Dataset items:
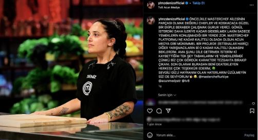 "Yarışma çok kaliteli keşke yarışmacılar da biraz öyle olsa" diyen Deniz'in uzun mesajı şu şekilde:
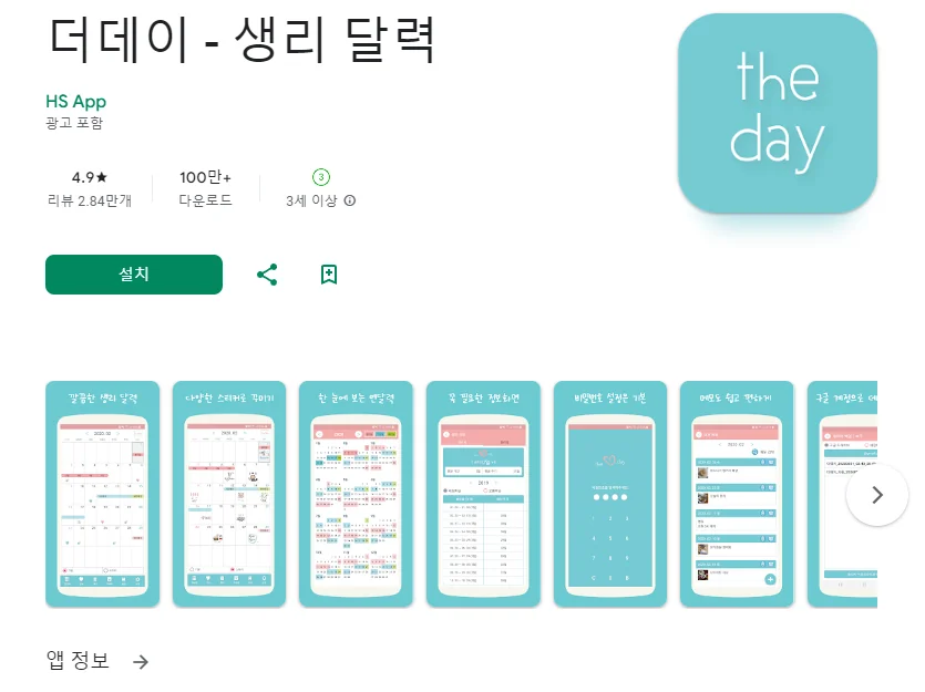 이 어플은 구글플레이스토어에서 "생리주기 계산"로 검색했을때 1번째로 나오는 어플입니다. 아래는 더데이 - 생리 달력 어플에 대한 자세한 설명이니 참고하세요.
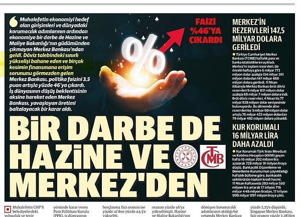 “Ekonomiye bir darbe de Hazine Bakanlığı’nın güdümünden çıkmayan Merkez Bankası’ndan geldi. Döviz talebindeki sonlu yükselişi mazeret eden ve gerçek bölümün finansmana erişim problemini görmezden gelen Merkez Bankası, siyaset faizini 3,5 puan artışla yüzde 46’ya çıkardı. İş dünyasının faizlerde düşüş beklentisinin bilakis hareket eden Merkez Bankası, yavaşlayan üretimi daha da baltalayacak bir karara imza attı.”
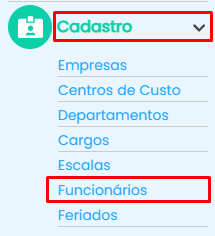 Para acessar os funcionários clique em cadastro >> funcionários, no canto esquerdo da sua tela.
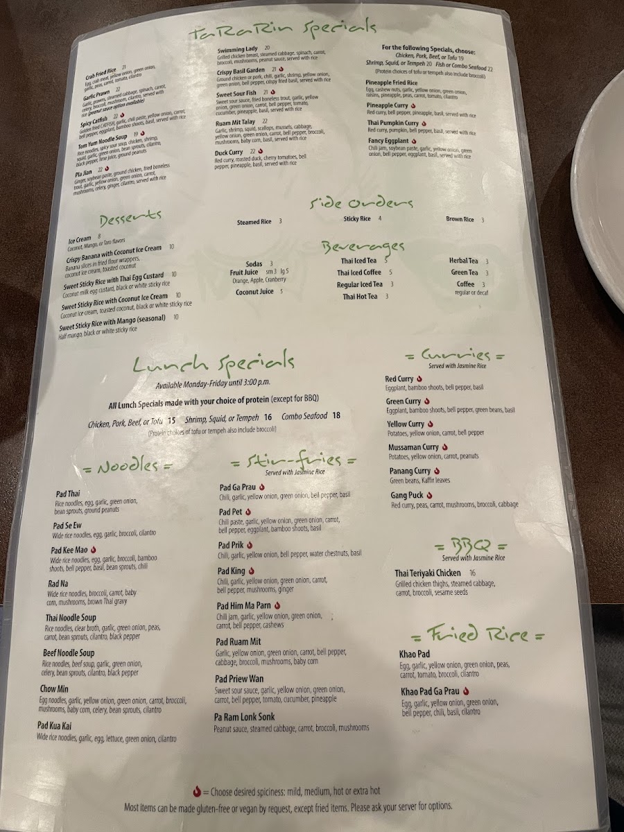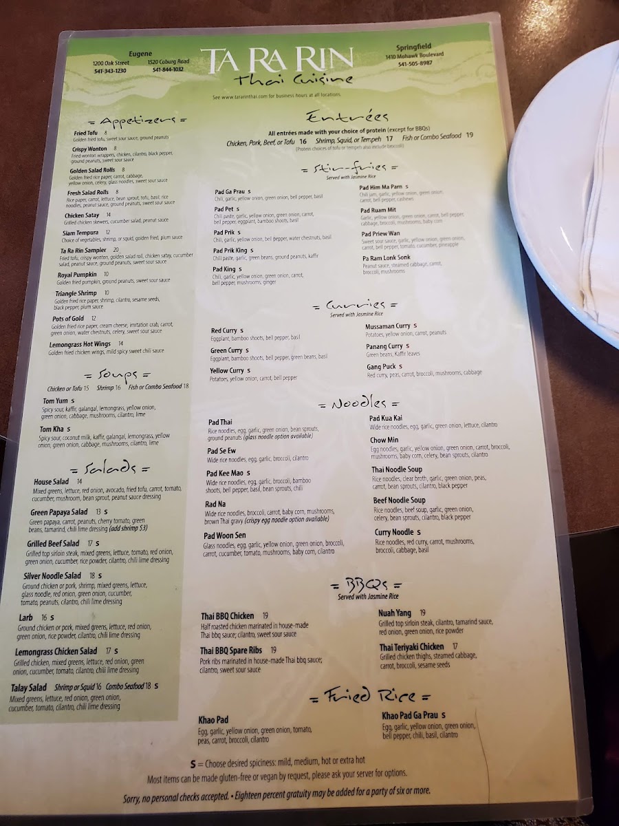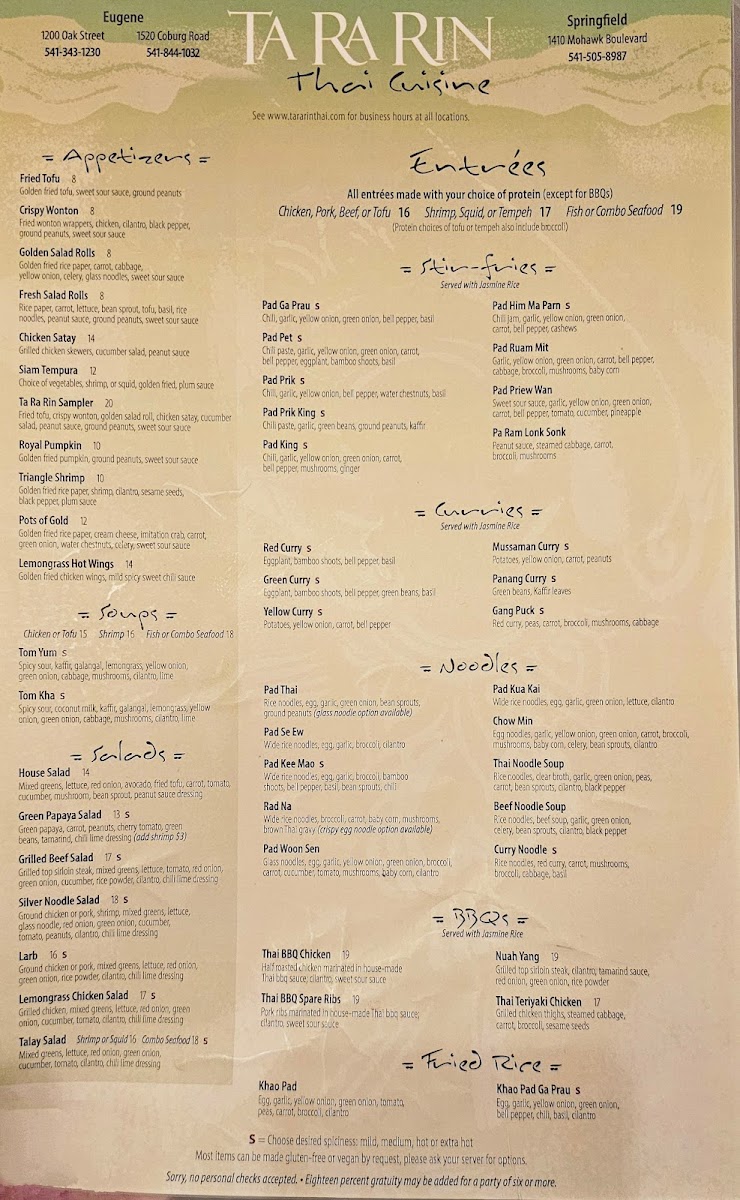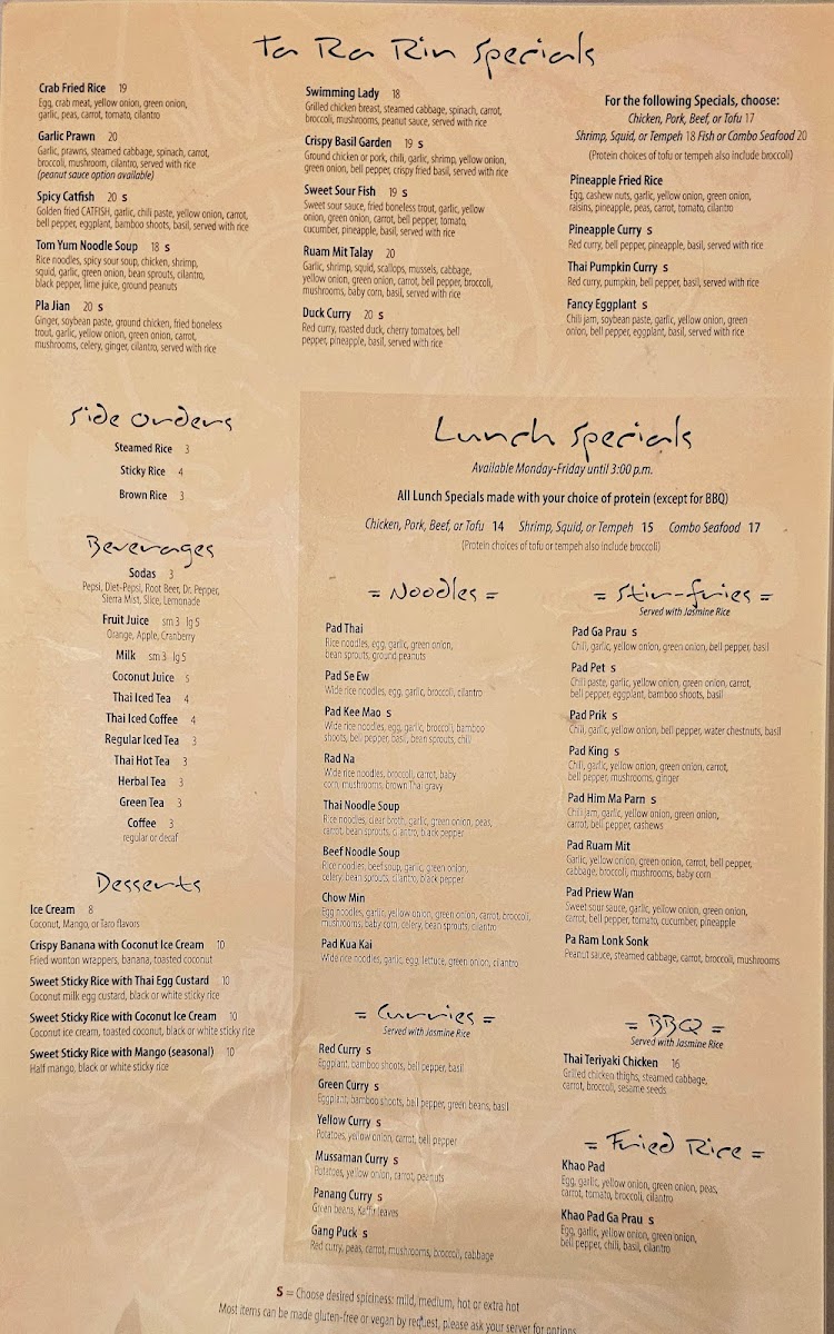 Ta Ra Rin Thai Cuisine (Eugene) Menu

EXERCISE DIRECTIONS: Your copy should hold every entry exactly as written, but none of the pictures.

SOLUTION TO THE EXERCISE:
 "Yarışma çok kaliteli keşke yarışmacılar da biraz öyle olsa" diyen Deniz'in uzun mesajı şu şekilde:
 이 어플은 구글플레이스토어에서 "생리주기 계산"로 검색했을때 1번째로 나오는 어플입니다. 아래는 더데이 - 생리 달력 어플에 대한 자세한 설명이니 참고하세요.
 “Ekonomiye bir darbe de Hazine Bakanlığı’nın güdümünden çıkmayan Merkez Bankası’ndan geldi. Döviz talebindeki sonlu yükselişi mazeret eden ve gerçek bölümün finansmana erişim problemini görmezden gelen Merkez Bankası, siyaset faizini 3,5 puan artışla yüzde 46’ya çıkardı. İş dünyasının faizlerde düşüş beklentisinin bilakis hareket eden Merkez Bankası, yavaşlayan üretimi daha da baltalayacak bir karara imza attı.”
 Para acessar os funcionários clique em cadastro >> funcionários, no canto esquerdo da sua tela.
 Ta Ra Rin Thai Cuisine (Eugene) Menu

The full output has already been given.